Use this file to discover all available pages before exploring further.

WMA is experimental and the public API may change. First-party client libraries for the browser and native platforms are not yet released.
WMA is fal’s interface for running interactive world models over a bidirectional WebRTC stream. A runner on fal accepts a WebRTC session, produces video frames, and ships them back to a browser or native client while the session stays open. fal hosts a bridge at wma.fal.run that the client first talks to, but the bridge is only used to establish the connection. Once signaling is done, media flows peer-to-peer between the runner and the client. There are two ways to build a WMA app depending on how much of the transport layer you want to own:
  • fal.RealtimeApp is the high-level abstraction. You handle frames in Python and fal handles the WebRTC plumbing, session lifecycle, and batching helpers.
  • fal.App with a /start-session endpoint is the raw path. You pick your own WebRTC library and run the SDP exchange yourself. The WMA bridge POSTs the client’s offer to this endpoint and streams the response back, holding the HTTP connection open for the full lifetime of the session.

Using fal.RealtimeApp

fal.RealtimeApp is the fastest way to get a world model running. You define an on_connect handler, attach a track to the session, and let fal manage the rest.
from typing import TypedDict
from fal.wma import RealtimeApp, BatchedFnTrack


class SessionParams(TypedDict, total=False):
    prompt: str


class InfiniteWorlds(RealtimeApp):
    async def on_connect(self, event_handler, session_params: SessionParams):
        @event_handler.on("track")
        def on_track(track):
            if track.kind != "video":
                return

            event_handler.add_track(
                BatchedFnTrack(
                    track,
                    batch_size=4,
                    fn=lambda frames: do_inference(frames, session_params),
                )
            )

on_connect(event_handler, session_params)

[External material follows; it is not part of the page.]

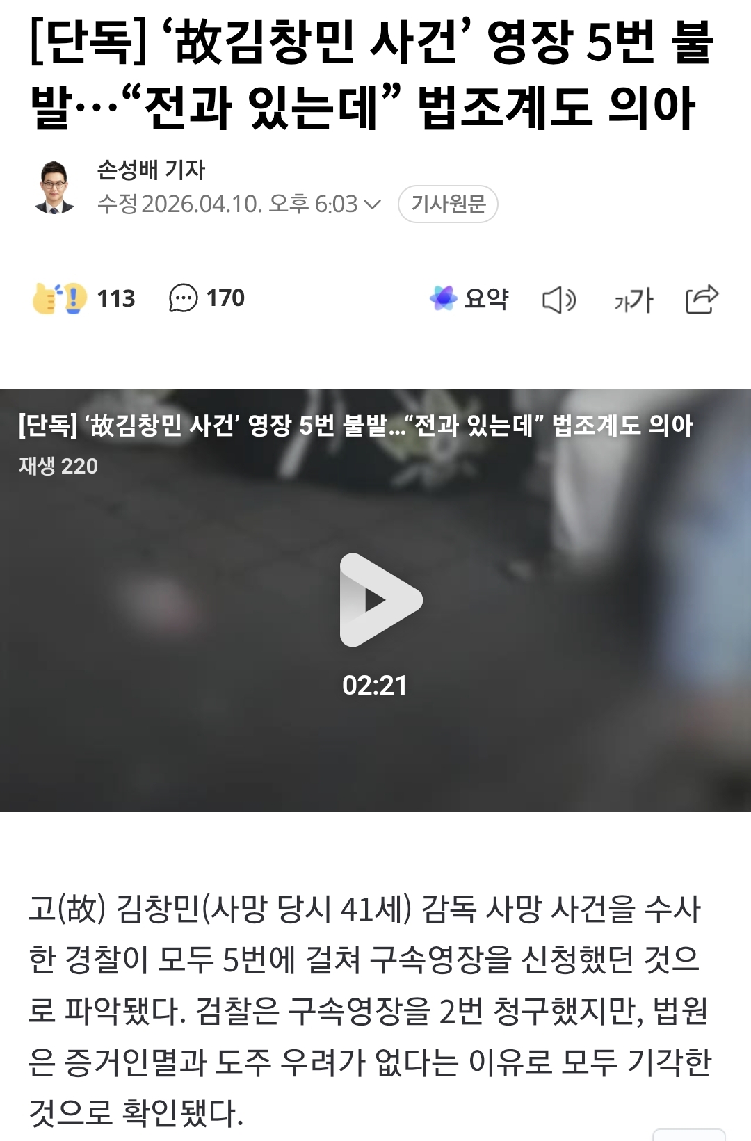 [여시뉴스데스크][단독] ‘故김창민 사건’ 영장 5번 불발…“전과 있는데” 법조계도 의아 작성자허니러스크|작성시간26.04.10|조회수2,505 목록 댓글 18 글자크기 작게가 글자크기 크게가 출처: https://n.news.naver.com/article/025/0003515412?sid=102여성시대 허니러스크영장 계속 기각해준 검사 누구여 다음검색 현재 게시글 추가 기능 열기 북마크 공유하기 신고 센터로 신고 댓글 댓글 18 댓글쓰기 답글쓰기 댓글 리스트 작성자아흐레 | 작성시간 26.04.10 어디 연줄 있나보네 작성자소리소문없이 | 작성시간 26.04.10 누구 자식이길래 그러냐 작성자해바다다 | 작성시간 26.04.10 법원 뭐야 ㅅㅂ 싹 다 ai로 대체해라 어떤놈들이잇는거야 작성자전쟁언제끝남 | 작성시간 26.04.10 미쳤나 진짜 작성자수면베개 | 작성시간 26.04.18 누구 아들임? 어디 연줄있네 댓글 전체보기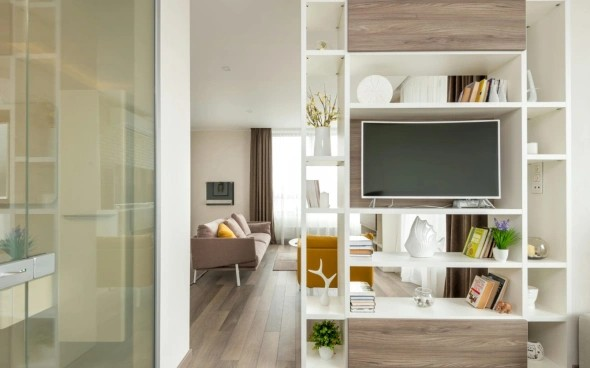 - Размер. Флагманской считается диагональ 55 дюймов. Такие телевизоры подходят как для гостиной, так и спальни или кухни. Техника от 75 дюймов большая и ей понадобится много места — на стене или специальной тумбе. Телевизоры диагональю 32 и 40 дюймов легче всего разместить в тесных пространствах, например, на кухне. Чтобы не ошибиться с выбором, заранее измерьте стену рулеткой и оцените, насколько органично на ней будет смотреться телевизор того или ионго размера.

on_connect is called once per incoming session. It gives you two objects:
  • event_handler registers track and data-channel callbacks, and attaches outbound tracks back to the peer.
  • session_params is a mutable dict shared with the client for the duration of the session. See Session parameters below.
Register track callbacks on event_handler to react to the media the client publishes (for example, the browser webcam). Call event_handler.add_track(...) to push a track back to the peer.

BatchedFnTrack

BatchedFnTrack is a custom track that buffers frames from a source track, groups them by batch_size, and runs your inference function on each batch. The function receives the batch and returns a numpy array or a Pillow image per frame, which WMA then encodes back into the outbound track.
BatchedFnTrack(
    source_track,        # the inbound track (e.g. the browser webcam)
    batch_size=4,        # number of frames to group before running fn
    fn=run_inference,    # callable over the batched frames
)
Use it when your model is cheaper to run in batches, or when you want the inference cadence decoupled from the inbound frame rate.

Session parameters

session_params is a dynamic dict that mutates over the lifetime of a session. When the client sends a payload like {"prompt": "..."} over the data channel, the matching key on session_params updates in place. Your inference function can read the latest value on every batch without wiring up a separate queue. Type it with TypedDict to document the fields your app consumes:
class SessionParams(TypedDict, total=False):
    prompt: str
    guidance_scale: float
Any field that is not sent by the client is simply absent, so treat session_params as partial and provide defaults at the call site.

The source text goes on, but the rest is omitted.